A New Hope: Polyglotism


OK, so this isn’t necessarily anything new, but I had to go with the running joke of the two blog posts this post is more or less a follow up to. If you haven’t already read them, go read Yegge’s Dynamic Languages Strikes Back, and Beust’s Return Of The Statically Typed Languages.

So let’s see. Distilled, Steve thinks that static languages have reached the ceiling for what’s possible to do, and that dynamic languages offer more flexibility and power without actually sacrificing performance and maintainability. He backs this up with several research papers that point to very interesting runtime performance improvement techniques that really can help dynamic languages perform exceptionally well.

On the other hand Cedric believes that Scala is bad because of implicits and pattern matching, that it’s common sense to not allow people to use the languages they like, that tools for dynamic languages will never be as good as the ones for static ones, that Java generics isn’t really a problem, that dynamic language performance will improve but that this doesn’t matter, that static languages really hasn’t failed at all and that Java is still the best language of choice, and will continue to be for a long time.

Now, these two bloggers obviously have different opinions, and it’s really hard to actually see which parts are facts and which are opinions.

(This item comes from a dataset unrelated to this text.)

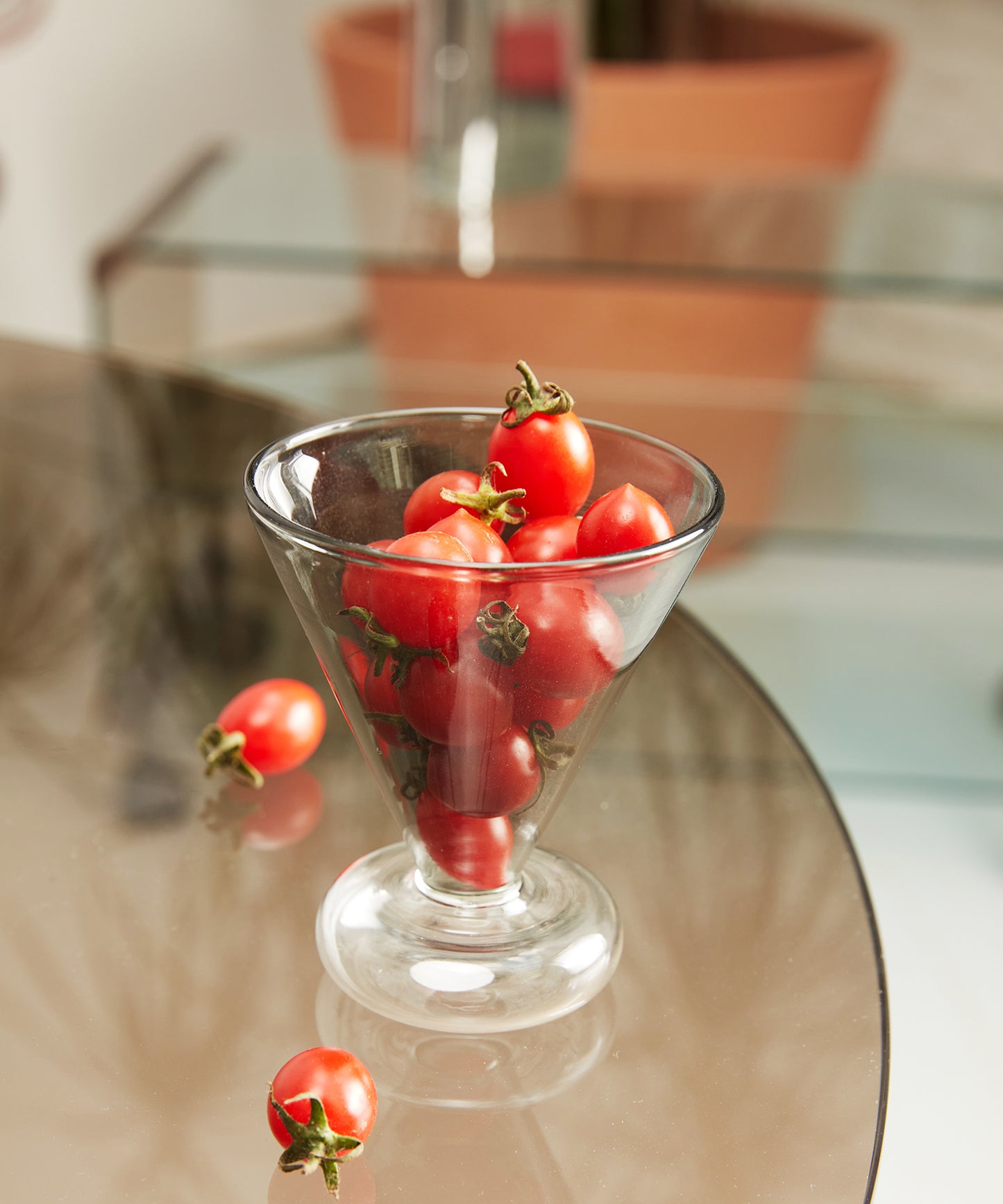 潔くシンプルなフォルムを持つ、円錐を頂点で合わせたようなガラス製ステムカップ。その脚付きデザインは、日常において特別な雰囲気を添えます。
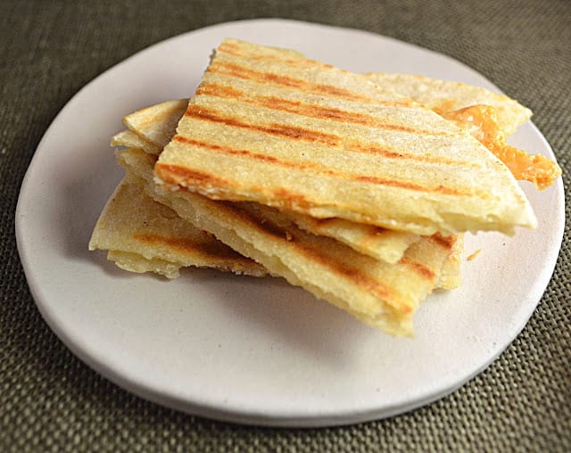 - Spray tortillas with a little cooking spray. Put 1-2 slices of cheese of your choice between to two corn tortillas. Don’t over do it with the cheese. I tried this with light cheddar and it didn’t work too well. It made a mess in my panini press. The cheese oozed everywhere. So I suggest using full-fat cheese. I like aged cheddar or jack cheese or a Mexican shredded blend. Cook the tortillas in a panini press until the cheese is melted and the tortillas are somewhat crisp and browned. Alternatively, you can make them in a cast iron skillet. Cut into wedges and serve with the black bean salsa, lite sour cream, avocado slices and limes.

So let me try to sort out some facts first:

Dynamic language have been around for a long time. As long as statically typed languages in fact. Lisp was the first one.

There have been extremely efficient dynamic language implementations. Some of the Common Lisp implementations are on par with C performance, and Strongtalk also achieved incredible numbers. As several commenters have noted, Strongtalks performance did not come from the optional type tags.

All dynamic languages in large use today are not even on the same map with regards to performance. There are several approaches to fixing these, but we can’t know how well they will work out in practice.

Java’s type system is not very strong, and not very static, as these definitions go. From a type theoretic stand point Java does not offer neither static type safety nor any complete guarantees.

There is a good reason for these holes in Java. In particular, Java was created to give lots of hints to the compiler so the compiler can catch errors where the programmer is insoncistent. This is one of the reasons that you very often find yourself writing the same type name twice, including the type name arguments (generics). If the programmer makes a mistake at one side, the compiler will be able to catch this error very easily. It is a redundancy in the syntax that makes Java programs very verbose, but helps against certain kinds of mistakes.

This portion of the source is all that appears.